Windows Server AppFabric is a set of integrated technologies that make it easier to build, scale and manage Web and composite applications that run on IIS.
Windows Server AppFabric has these core capabilities:
• For Web applications, AppFabric provides caching capabilities to provide high-speed access, scale, and high availability to application data. This feature was previously codenamed "Velocity"
• For composite applications, AppFabric makes it easier to build and manage services built using Windows Workflow Foundation and Windows Communication Foundation. This feature was previously codenamed "Dublin."
Windows Server AppFabric Caching Capabilities
Windows Server AppFabric includes a distributed in-memory cache that provides .NET applications with high-speed access, scale, and high availability to application data.
Key Features
• Caches any serializable CLR object and provides access through simple cache APIs.
• Supports enterprise scale: tens to hundreds of computers.
• Configurable to run as a service accessed over the network
• Supports dynamic scaling-out by adding new nodes.
• Backup copy provides high availability.
• Automatic load balancing.
• Integration with administration and monitoring tools such as PowerShell, Event Tracing for Windows, System Center, etc.
• Provides seamless integration with ASP.NET to be able to cache session data in without having to write it to source databases. It can also be used as a cache for application data to be able to cache application data across the entire Web farm.
• Follows the cache-aside architecture (also known as Explicit Caching) for V1. That is, you must decide explicitly which objects to put/remove in your applications and the cache does not synchronize with any source database automatically.
Scenarios
Consider the social networking site for a real-world scenarios and the category of data that they are dealing with and their caching requirements.
Social Networking Site
Consider a social networking site that people use for keeping up with friends. The site allows the uploading of an unlimited number of photos, sharing links and videos, and learning more about the people they meet. Such a site can accelerate performance by caching users and friend lists.
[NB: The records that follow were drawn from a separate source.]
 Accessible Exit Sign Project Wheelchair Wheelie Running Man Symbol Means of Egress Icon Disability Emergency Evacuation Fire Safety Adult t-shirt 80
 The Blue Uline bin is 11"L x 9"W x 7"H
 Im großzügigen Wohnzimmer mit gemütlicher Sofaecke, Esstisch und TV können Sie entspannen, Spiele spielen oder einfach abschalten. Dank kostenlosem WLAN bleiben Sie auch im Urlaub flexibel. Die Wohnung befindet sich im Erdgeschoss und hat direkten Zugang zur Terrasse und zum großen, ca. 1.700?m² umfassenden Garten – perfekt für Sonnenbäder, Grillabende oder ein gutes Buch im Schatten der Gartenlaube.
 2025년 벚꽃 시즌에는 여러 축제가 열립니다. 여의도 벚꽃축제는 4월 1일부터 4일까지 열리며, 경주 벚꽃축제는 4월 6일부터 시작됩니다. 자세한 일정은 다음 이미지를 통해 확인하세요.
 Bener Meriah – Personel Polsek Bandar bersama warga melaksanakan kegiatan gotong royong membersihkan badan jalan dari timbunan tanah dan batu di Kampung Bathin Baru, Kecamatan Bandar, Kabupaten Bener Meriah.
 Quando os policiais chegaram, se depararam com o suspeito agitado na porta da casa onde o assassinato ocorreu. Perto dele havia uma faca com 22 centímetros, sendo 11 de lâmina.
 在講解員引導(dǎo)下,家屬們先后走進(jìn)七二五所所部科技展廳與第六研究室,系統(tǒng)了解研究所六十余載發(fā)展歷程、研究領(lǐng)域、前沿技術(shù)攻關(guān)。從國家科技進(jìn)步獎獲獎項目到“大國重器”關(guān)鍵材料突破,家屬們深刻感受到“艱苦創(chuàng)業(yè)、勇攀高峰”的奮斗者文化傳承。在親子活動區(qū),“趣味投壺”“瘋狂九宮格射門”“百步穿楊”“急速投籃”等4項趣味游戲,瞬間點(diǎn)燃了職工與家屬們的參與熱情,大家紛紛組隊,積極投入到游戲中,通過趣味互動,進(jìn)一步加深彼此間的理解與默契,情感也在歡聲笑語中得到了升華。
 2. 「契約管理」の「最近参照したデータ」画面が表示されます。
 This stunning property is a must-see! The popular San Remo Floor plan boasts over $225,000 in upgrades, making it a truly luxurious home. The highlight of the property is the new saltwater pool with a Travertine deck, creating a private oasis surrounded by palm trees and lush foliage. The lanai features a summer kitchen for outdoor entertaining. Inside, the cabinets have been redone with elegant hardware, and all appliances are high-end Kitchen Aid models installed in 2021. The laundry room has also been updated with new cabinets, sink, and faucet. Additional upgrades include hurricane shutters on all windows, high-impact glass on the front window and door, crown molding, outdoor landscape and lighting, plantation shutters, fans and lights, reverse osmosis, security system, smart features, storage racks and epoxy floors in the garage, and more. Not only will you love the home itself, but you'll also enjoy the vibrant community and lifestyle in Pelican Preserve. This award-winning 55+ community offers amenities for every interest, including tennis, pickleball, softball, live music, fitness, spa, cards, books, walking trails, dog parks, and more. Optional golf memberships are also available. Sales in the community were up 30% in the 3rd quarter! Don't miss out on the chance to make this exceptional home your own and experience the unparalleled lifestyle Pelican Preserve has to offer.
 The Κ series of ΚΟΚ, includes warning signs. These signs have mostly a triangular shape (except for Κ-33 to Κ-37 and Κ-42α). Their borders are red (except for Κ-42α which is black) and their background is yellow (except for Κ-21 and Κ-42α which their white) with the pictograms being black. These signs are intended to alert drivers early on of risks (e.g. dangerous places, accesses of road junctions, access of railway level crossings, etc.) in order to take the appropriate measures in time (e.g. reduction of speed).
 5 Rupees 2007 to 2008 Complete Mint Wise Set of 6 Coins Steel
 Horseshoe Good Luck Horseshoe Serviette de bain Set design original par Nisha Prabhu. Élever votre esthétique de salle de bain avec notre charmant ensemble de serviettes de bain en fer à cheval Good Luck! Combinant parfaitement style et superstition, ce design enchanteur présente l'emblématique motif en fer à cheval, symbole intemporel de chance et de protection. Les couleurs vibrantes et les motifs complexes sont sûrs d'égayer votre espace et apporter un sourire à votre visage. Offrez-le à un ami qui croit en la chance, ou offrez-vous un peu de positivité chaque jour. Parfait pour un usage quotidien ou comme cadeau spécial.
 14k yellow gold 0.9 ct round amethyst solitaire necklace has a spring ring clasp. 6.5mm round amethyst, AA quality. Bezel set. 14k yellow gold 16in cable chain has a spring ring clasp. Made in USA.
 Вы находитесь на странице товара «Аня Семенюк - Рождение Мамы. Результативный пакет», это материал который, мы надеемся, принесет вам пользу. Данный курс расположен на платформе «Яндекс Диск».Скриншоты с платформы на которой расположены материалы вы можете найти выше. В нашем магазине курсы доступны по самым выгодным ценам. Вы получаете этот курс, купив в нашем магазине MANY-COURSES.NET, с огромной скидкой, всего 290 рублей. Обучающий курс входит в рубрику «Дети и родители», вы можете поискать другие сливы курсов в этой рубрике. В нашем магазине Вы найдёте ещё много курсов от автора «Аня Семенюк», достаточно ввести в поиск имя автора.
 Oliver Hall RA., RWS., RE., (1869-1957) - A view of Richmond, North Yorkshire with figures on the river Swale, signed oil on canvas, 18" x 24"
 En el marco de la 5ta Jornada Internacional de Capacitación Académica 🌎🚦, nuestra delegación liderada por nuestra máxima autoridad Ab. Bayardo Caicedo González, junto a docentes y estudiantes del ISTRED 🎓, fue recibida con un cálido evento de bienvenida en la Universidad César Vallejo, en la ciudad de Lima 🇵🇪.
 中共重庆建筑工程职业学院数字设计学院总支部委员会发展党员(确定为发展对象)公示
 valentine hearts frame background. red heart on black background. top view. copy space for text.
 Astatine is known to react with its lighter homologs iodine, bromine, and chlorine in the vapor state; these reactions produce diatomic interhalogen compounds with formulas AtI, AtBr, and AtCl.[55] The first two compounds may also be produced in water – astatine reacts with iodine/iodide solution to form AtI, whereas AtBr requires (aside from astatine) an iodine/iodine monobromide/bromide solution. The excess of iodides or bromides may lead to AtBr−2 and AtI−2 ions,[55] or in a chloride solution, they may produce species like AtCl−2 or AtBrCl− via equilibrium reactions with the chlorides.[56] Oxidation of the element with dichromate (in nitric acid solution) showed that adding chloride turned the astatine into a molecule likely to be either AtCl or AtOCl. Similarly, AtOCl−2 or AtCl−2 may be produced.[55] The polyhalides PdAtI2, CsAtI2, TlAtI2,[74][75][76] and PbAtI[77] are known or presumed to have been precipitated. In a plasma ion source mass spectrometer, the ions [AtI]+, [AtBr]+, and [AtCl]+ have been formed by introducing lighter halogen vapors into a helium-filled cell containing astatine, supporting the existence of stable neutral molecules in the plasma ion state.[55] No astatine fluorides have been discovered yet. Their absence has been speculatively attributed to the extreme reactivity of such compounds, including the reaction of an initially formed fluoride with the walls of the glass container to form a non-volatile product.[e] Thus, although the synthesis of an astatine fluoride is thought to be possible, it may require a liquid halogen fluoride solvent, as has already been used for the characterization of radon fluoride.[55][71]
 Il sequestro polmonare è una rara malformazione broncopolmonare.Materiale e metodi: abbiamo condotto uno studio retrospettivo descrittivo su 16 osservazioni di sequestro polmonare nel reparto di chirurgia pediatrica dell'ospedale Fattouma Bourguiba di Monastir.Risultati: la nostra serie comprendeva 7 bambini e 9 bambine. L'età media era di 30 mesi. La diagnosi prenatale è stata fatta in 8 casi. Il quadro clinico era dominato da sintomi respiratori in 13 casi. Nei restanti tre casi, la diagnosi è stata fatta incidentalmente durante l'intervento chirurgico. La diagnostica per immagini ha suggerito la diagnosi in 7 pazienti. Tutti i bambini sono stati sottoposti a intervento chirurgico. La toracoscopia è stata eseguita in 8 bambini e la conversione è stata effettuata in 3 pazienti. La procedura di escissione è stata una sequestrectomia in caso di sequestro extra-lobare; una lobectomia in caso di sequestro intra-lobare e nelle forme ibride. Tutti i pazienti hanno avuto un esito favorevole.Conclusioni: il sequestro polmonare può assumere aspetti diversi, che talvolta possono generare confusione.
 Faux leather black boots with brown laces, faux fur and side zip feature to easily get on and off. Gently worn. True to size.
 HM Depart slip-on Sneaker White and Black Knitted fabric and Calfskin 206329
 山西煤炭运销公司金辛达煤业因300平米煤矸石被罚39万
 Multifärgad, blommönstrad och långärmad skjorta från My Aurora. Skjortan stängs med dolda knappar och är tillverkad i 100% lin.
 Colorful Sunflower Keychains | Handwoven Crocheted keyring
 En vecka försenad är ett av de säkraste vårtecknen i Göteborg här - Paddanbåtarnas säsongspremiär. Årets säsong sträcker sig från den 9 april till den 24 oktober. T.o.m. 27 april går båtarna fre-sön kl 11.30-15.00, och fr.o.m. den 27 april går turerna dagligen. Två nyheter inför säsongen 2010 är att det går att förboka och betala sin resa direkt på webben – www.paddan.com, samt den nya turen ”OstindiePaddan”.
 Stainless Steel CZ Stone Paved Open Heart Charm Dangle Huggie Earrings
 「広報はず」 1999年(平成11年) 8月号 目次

User names and friend lists fall under reference data, making it very attractive for caching.
AppFabric Caching Concepts
In this section we look at caching concepts that will be useful when programming against AppFabric.
Logical Hierarchy
Named caches and regions are the two basic building blocks of caching in AppFabric. A named cache is used for storing a logical grouping of data together. Regions are logical groupings of objects within named caches.
A user can run multiple processes that host a cache instance, called cache hosts. The cache hosts can access named caches that can be stored across all the cluster nodes. The named cache consists of regions and regions store cache items. Figure shows the logical hierarchy.
Figure : Logical hierarchy
Named Cache
You can think of a named cache as equivalent to a database. A named cache is used for storing a logical grouping of data.
A cluster or node can contain one or more named caches. An application may use one or more named caches based on the policies for the various caches
Region
Regions are logical grouping of objects within a named cache. You can think of regions as equivalent to tables, although regions can also store arbitrary sets of key value pairs. Items within a region are guaranteed to reside on a single node and are the logical units for replication and node placement. A named cache consists of one of more regions.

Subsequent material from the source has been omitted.